Research and development expenses for the third quarter of 2007 totaled $6.7 million, up $0.4 million, or 7%, from the same period in 2006. Development costs for Hyphanox were up $1.8 million versus 2006 mostly related to the Phase 3 study in onychomycosis. Most of this increase was offset by lower spending resulting from the completion of the Phase 2b studies earlier this year for both Rambazole and Pramiconazole. Research and development expenses for the third quarter of 2007 and 2006 include stock based compensation expense of $0.4 million and $0.3 million, respectively.
Selling, general and administrative expenses totaled $12.9 million for the third quarter of 2007, compared with $8.9 million in the same period in 2006. Selling expenses were $4.1 million, an increase of $0.8 million from the third quarter of 2006 due to selling costs related to third party co-promotion services for Vusion.
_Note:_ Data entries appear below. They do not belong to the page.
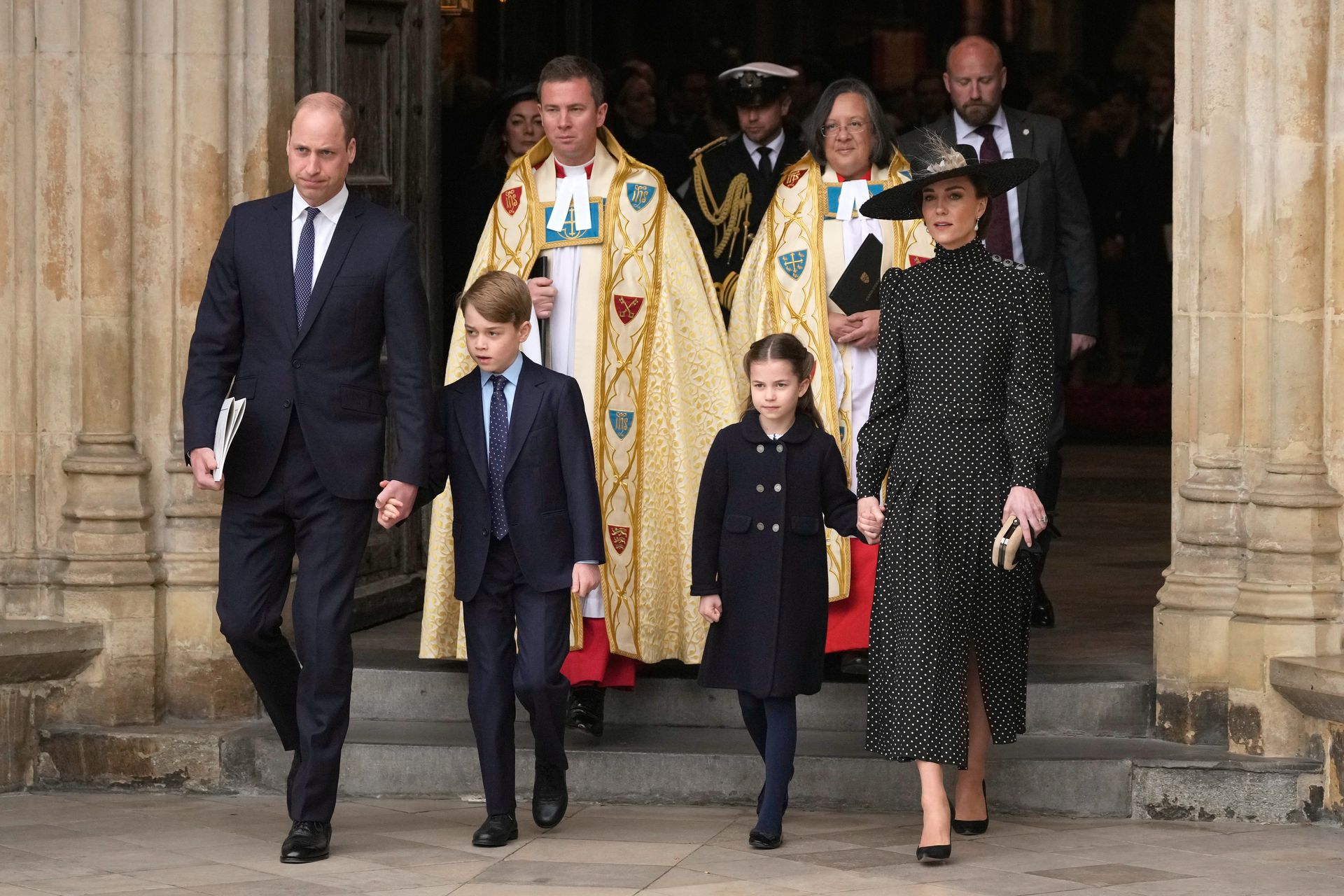 英國威廉王子(Prince William)和凱特王妃(Kate, The Duchess of Cambridge)帶著他們的孩子喬治王子(Prince George)和夏洛特公主( Princess Charlotte)抵達倫敦威斯敏斯特教堂(西敏寺)參加菲利普親王追思會。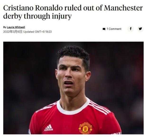 曼联遭重击!C罗因伤无缘曼市德比,卡瓦尼同样缺席!2人或客串中锋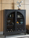 Details | Made with oak veneer, hardwood solids and engineered wood, Black and natural brown finish, Door pulls with black finish, 2 doors with arched glass inserts, 2 rows of wine bottle racks, 3 wine glass racks, 4 adjustable shelves, Minor assembly required, simply attach drawer pulls and legs | |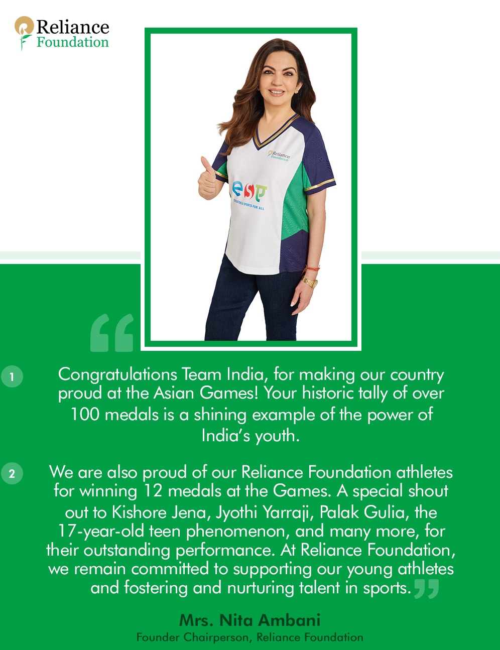 एशियाई खेलों में भारत की विशाल जीत पर खुशी जाहिर करते हुए रिलायंस फाउंडेशन की फाउंडर चेयरपर्सन नीता अंबानी ने कहा “100 से अधिक मेडल्स जीतने पर टीम इंडिया को बधाई! एशियन गेम्स में हमारा तिरंगा शान से लहरा रहा है। हमें रिलायंस फाउंडेशन के युवा एथलीट्स पर भी बहुत गर्व है। जिन्होंने एशियाई गेम्स में 12 से अधिक मेडल्स जीते हैं। किशोर जेना, ज्योति याराजी, 17 साल की पलक गुलिया और रिलायंस फाउंडेशन से जुड़े हुए सभी एथलीट्स को भी बहुत बधाई । रिलायंस फाउंडेशन हमेशा टीम इंडिया के साथ खड़ा रहेगा। बस आप भारत का गौरव यूंही बढ़ाते रहें।“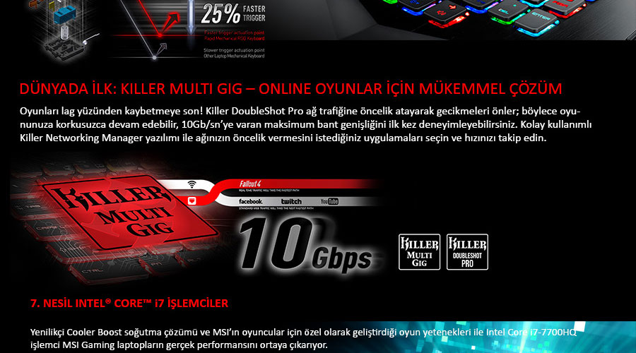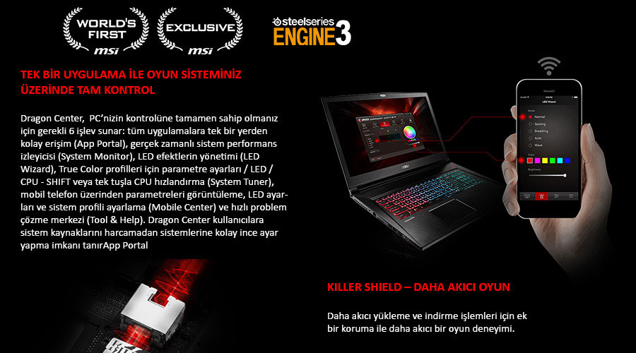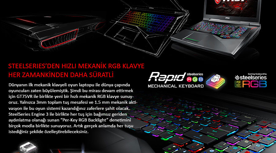 Halihazırda ilk mekanik klavye oyun bilgisayarı ünvanını elinde barındıran MSI, bu modelde daha hızlı RGB klavye ile müşterilerinin karşısına çıkıyor. 3 mm tuş mesafesi ve 1.5 mm mekanik aktivasyon değerleri ile klavye kullanımında yeni bir dönem açıyor. Böylece oyun oynarken daha hızlı ve etkili bir şekilde klavyeden yanıt almak kolaylaşıyor. SteelSeries Engine 3 teknolojisi ile bağımsız aydınlatma seçeneği yer alıyor. Ayrıca her tuş ayrı olarak özelleştirilebiliyor.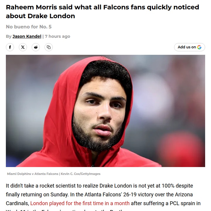 Chad Williams+FollowDrake London’s tough return for FalconsWatching Drake London back on the field for the Falcons, it was clear he’s still not at full speed after that PCL sprain. Even though he only managed three catches for 27 yards, he still led Atlanta’s receivers—a sign of just how thin the WR group is right now. Raheem Morris admitted London wasn’t himself, but seeing him gut it out after a month off says a lot about his value to the team. Should the Falcons have played it safer with London, or does his presence outweigh the risk? #Sports #Football #Falcons00Share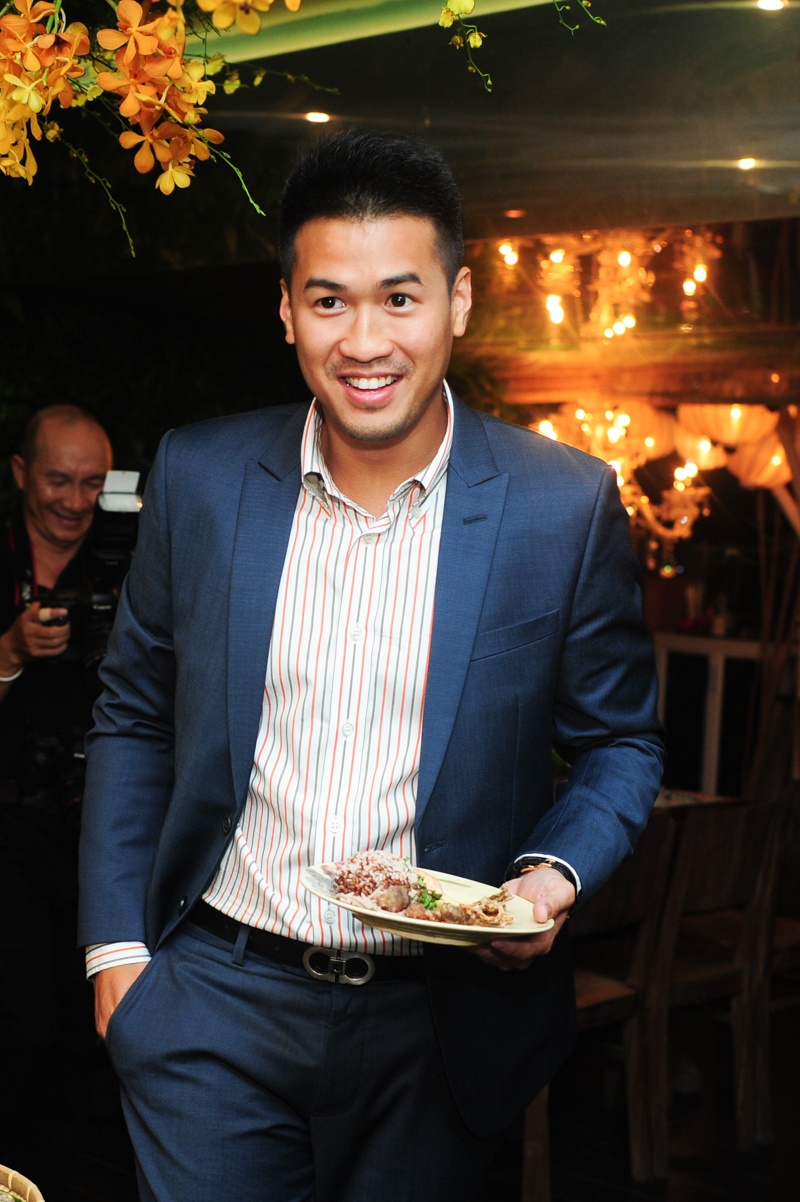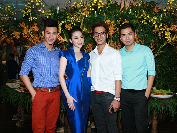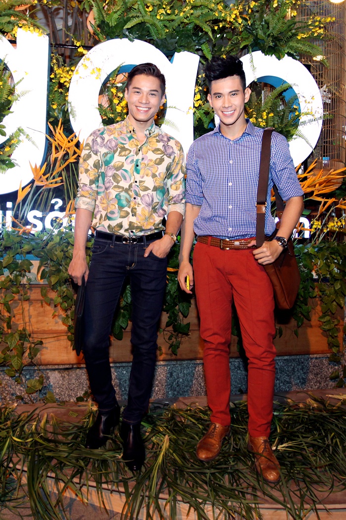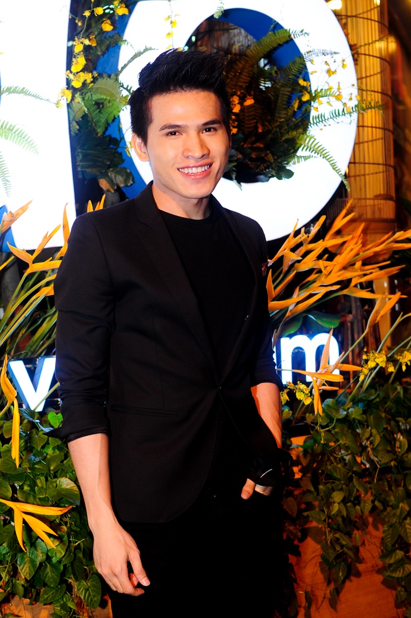 | Đàm Quang Phúc (trái) thí sinh bị Nam Trung sỉ nhục ở casting Next Top Model cũng góp mặt ở buổi tiệc. |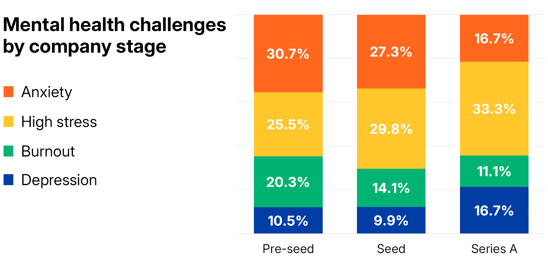 Respondents were asked if they experienced episodes of anxiety (heightened worries related to uncertainty about the future), stress (extreme psychological strain caused by demanding circumstances), burnout (physical or mental collapse resulting from overwork or stress) and/or depression (persistent sadness and disinterest that adversely affects day-to-day life) over the past few months. Those whose ventures were still in a pre-seed stage were the most likely to experience anxiety and burnout.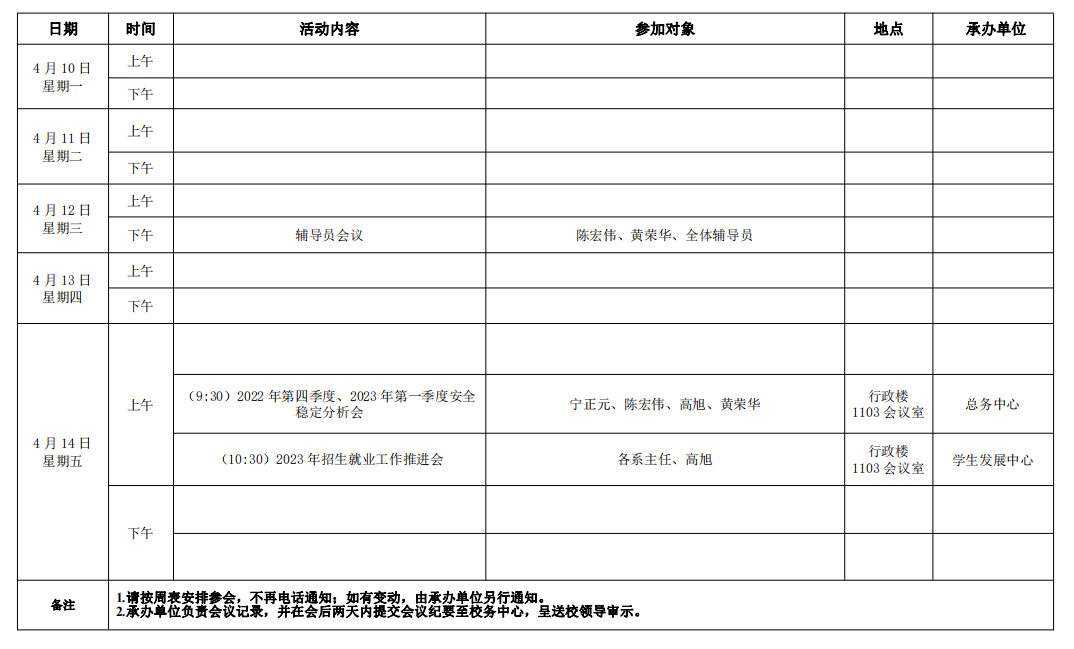 大数据学院2022-2023学年第二学期第9周活动安排表

Brand marketing and other commercial expenses were $4.6 million in the third quarter of 2007, up $2.3 million from 2006, reflecting increased spending in support of both Vusion and Xolegel, including our direct to consumer advertising campaign for Vusion. Corporate expenses totaled $2.6 million, up $0.3 million from the same period in 2006. Selling, general and administrative expenses for the third quarter of 2007 and 2006 include stock based compensation expense of $0.9 million and $0.6 million, respectively.
Net interest income for the third quarter of 2007 totaled $0.2 million, a decrease of $0.5 million from the same period in 2006, due to lower average balances for cash and marketable securities and interest expense on debt.
Net loss for the third quarter of 2007 was $12.5 million, or $0.41 per share, compared to a net loss of $12.7 million, or $0.50 per share, for the third quarter of 2006. The positive impact of the $5.4 million increase in revenue was largely offset by the expansion of our commercial activities. Included in the net loss for the third quarter of 2007 was $1.2 million, or $0.04 per share, of stock based compensation expense. The net losses for the third quarter of 2006 included $0.9 million, or $0.04 per share of stock based compensation expense.
Canadian Operations
The Company discontinued its selling and promotional efforts in Canada at the end of June 2007, and is currently winding down its supply to customers with product from existing inventories. For the nine months ended September 30, 2007, loss from Canadian operations was $1.6 million, or $0.05 per share and revenue from Canadian operations totaled $0.4 million. In December 2007, the Company will shut-down its Canadian operations and the financial results will be reclassified as discontinued operations. However, Canadian revenues are included in our current revenue guidance for 2007.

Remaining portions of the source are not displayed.